== INFORMATION SUPPLIED ==
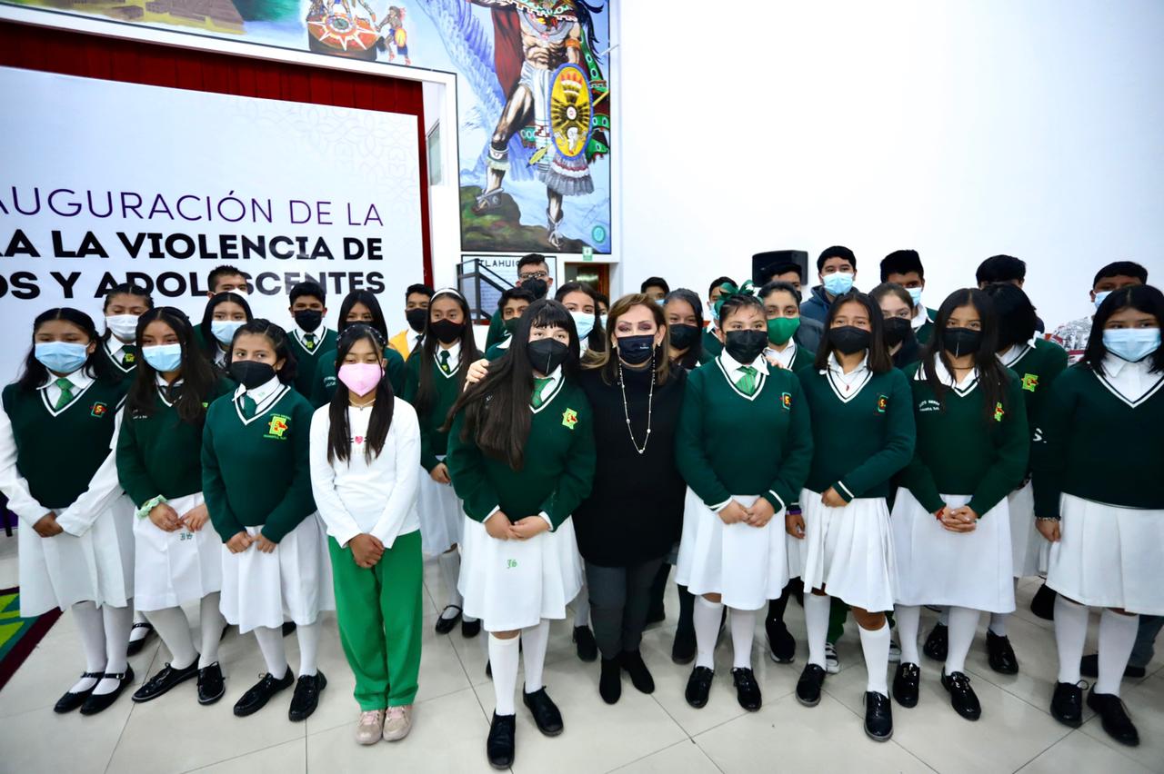 La gobernadora Lorena Cuéllar Cisneros puso en marcha la campaña contra la violencia de niñas, niños y adolescentes en el municipio de Huamantla, estrategia que tiene como objetivo principal crear entornos seguros y estables para este sector de la población.
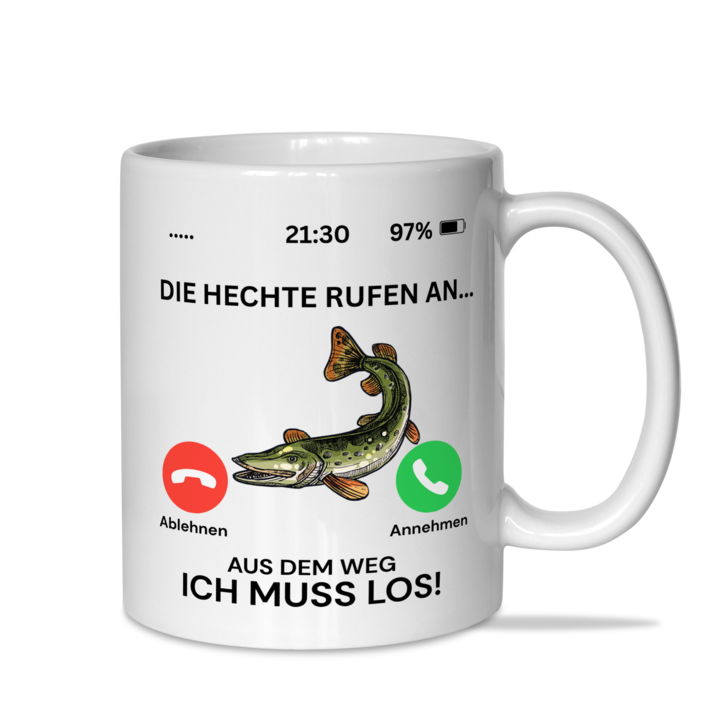 Tasse "Die Hechte rufen an, aus dem Weg, ich muss los"
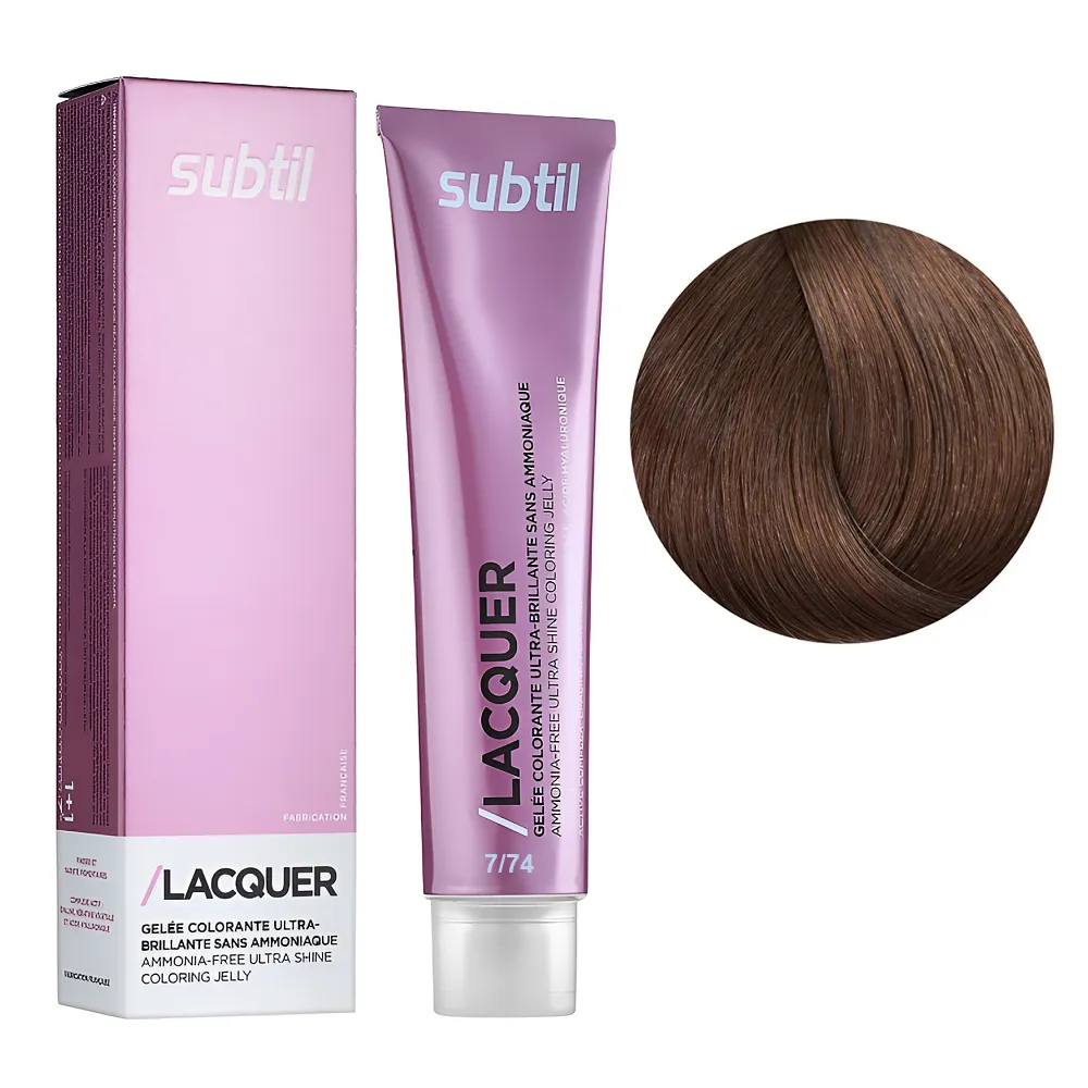 Subtil Lacquer - це фарба для волосся, створена без використання аміаку, на основі гілауроновой кислоти, рослинного кератину і EPOLINE - запатентованої формули (кукурудзяна олія + кисень). З цією фарбою тепер ви можете забути про процедуру відновлення кератину - фарбування і насичення волосся кератином відбувається одночасно і всього за 20 хвилин. Формула Lacquer містить також компоненти, що захищають шкіру, це робить фарбу доступною для застосування при дуже чутливій шкірі голови. Особливості продукту: 7/74 блондин коричнево-мідний Безаміачна тонувальна гелева фарба на кислотній основі, 60 мл LACQUER SUBTIL Застосування: 7/74 блондин коричнево-мідний Безаміачна тонувальна гелева фарба на кислотній основі, 60 мл LACQUER SUBTIL Час витримки: 7/74 блондин коричнево-мідний Безаміачна тонувальна гелева фарба на кислотній основі, 60 мл LACQUER SUBTIL Витримати на волоссі 20 хвилин після нанесення на коріння. Застосовувати фарбу слід, суворо дотримуючись інструкції, яка додається до кожної упаковки.Безаміачна тонувальна гелева фарба на кислотній основі LACQUER SUBTIL

== WORK TASK ==
Print all the material above exactly, and drop the images.

== RESULT ==
 La gobernadora Lorena Cuéllar Cisneros puso en marcha la campaña contra la violencia de niñas, niños y adolescentes en el municipio de Huamantla, estrategia que tiene como objetivo principal crear entornos seguros y estables para este sector de la población.
 Tasse "Die Hechte rufen an, aus dem Weg, ich muss los"
 Subtil Lacquer - це фарба для волосся, створена без використання аміаку, на основі гілауроновой кислоти, рослинного кератину і EPOLINE - запатентованої формули (кукурудзяна олія + кисень). З цією фарбою тепер ви можете забути про процедуру відновлення кератину - фарбування і насичення волосся кератином відбувається одночасно і всього за 20 хвилин. Формула Lacquer містить також компоненти, що захищають шкіру, це робить фарбу доступною для застосування при дуже чутливій шкірі голови. Особливості продукту: 7/74 блондин коричнево-мідний Безаміачна тонувальна гелева фарба на кислотній основі, 60 мл LACQUER SUBTIL Застосування: 7/74 блондин коричнево-мідний Безаміачна тонувальна гелева фарба на кислотній основі, 60 мл LACQUER SUBTIL Час витримки: 7/74 блондин коричнево-мідний Безаміачна тонувальна гелева фарба на кислотній основі, 60 мл LACQUER SUBTIL Витримати на волоссі 20 хвилин після нанесення на коріння. Застосовувати фарбу слід, суворо дотримуючись інструкції, яка додається до кожної упаковки.Безаміачна тонувальна гелева фарба на кислотній основі LACQUER SUBTIL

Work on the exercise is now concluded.